● About this exercise
The reply needs the lines from the one containing "A two-story house" through the end of the material, each repeated exactly, and no pictures.

● Source data
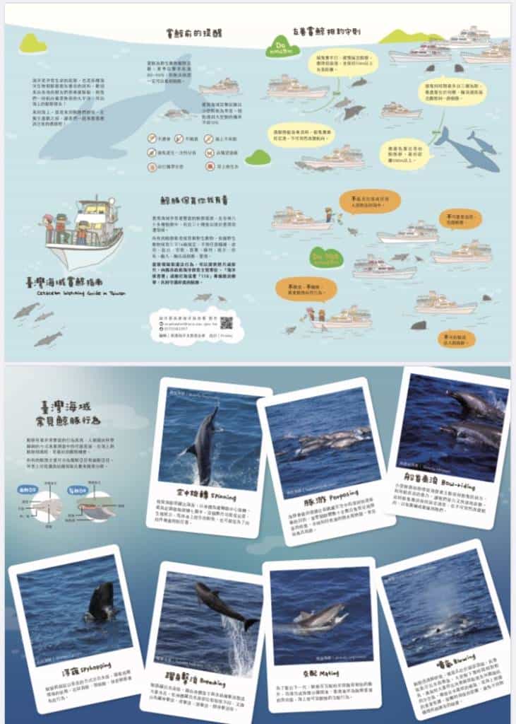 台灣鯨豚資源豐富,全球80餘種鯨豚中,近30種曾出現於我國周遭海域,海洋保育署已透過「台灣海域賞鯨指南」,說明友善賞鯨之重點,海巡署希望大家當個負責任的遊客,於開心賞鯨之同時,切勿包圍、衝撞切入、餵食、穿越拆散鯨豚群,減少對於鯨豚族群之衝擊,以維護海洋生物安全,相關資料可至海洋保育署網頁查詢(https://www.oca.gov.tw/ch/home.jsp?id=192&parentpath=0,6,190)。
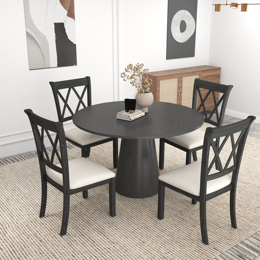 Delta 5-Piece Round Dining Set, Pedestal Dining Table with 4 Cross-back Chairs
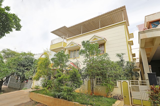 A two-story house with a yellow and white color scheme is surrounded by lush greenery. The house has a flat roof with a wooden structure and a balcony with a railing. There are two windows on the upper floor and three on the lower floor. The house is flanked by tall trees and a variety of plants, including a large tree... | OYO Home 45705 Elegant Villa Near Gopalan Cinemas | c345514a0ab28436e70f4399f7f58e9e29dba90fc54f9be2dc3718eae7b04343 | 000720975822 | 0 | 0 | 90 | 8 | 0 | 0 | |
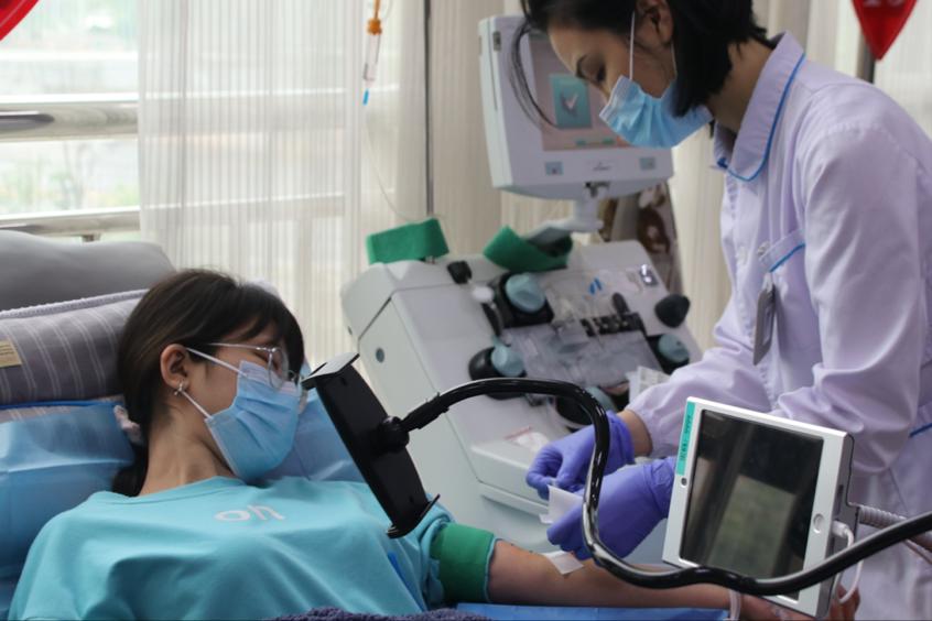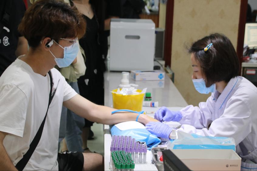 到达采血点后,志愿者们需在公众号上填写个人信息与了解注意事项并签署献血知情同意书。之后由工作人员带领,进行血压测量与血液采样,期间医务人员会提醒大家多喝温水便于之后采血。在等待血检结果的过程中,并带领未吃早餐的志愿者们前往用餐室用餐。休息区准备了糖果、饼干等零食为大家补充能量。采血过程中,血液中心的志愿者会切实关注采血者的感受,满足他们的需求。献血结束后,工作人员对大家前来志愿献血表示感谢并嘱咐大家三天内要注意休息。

● Response to the exercise
 A two-story house with a yellow and white color scheme is surrounded by lush greenery. The house has a flat roof with a wooden structure and a balcony with a railing. There are two windows on the upper floor and three on the lower floor. The house is flanked by tall trees and a variety of plants, including a large tree... | OYO Home 45705 Elegant Villa Near Gopalan Cinemas | c345514a0ab28436e70f4399f7f58e9e29dba90fc54f9be2dc3718eae7b04343 | 000720975822 | 0 | 0 | 90 | 8 | 0 | 0 | |
 到达采血点后,志愿者们需在公众号上填写个人信息与了解注意事项并签署献血知情同意书。之后由工作人员带领,进行血压测量与血液采样,期间医务人员会提醒大家多喝温水便于之后采血。在等待血检结果的过程中,并带领未吃早餐的志愿者们前往用餐室用餐。休息区准备了糖果、饼干等零食为大家补充能量。采血过程中,血液中心的志愿者会切实关注采血者的感受,满足他们的需求。献血结束后,工作人员对大家前来志愿献血表示感谢并嘱咐大家三天内要注意休息。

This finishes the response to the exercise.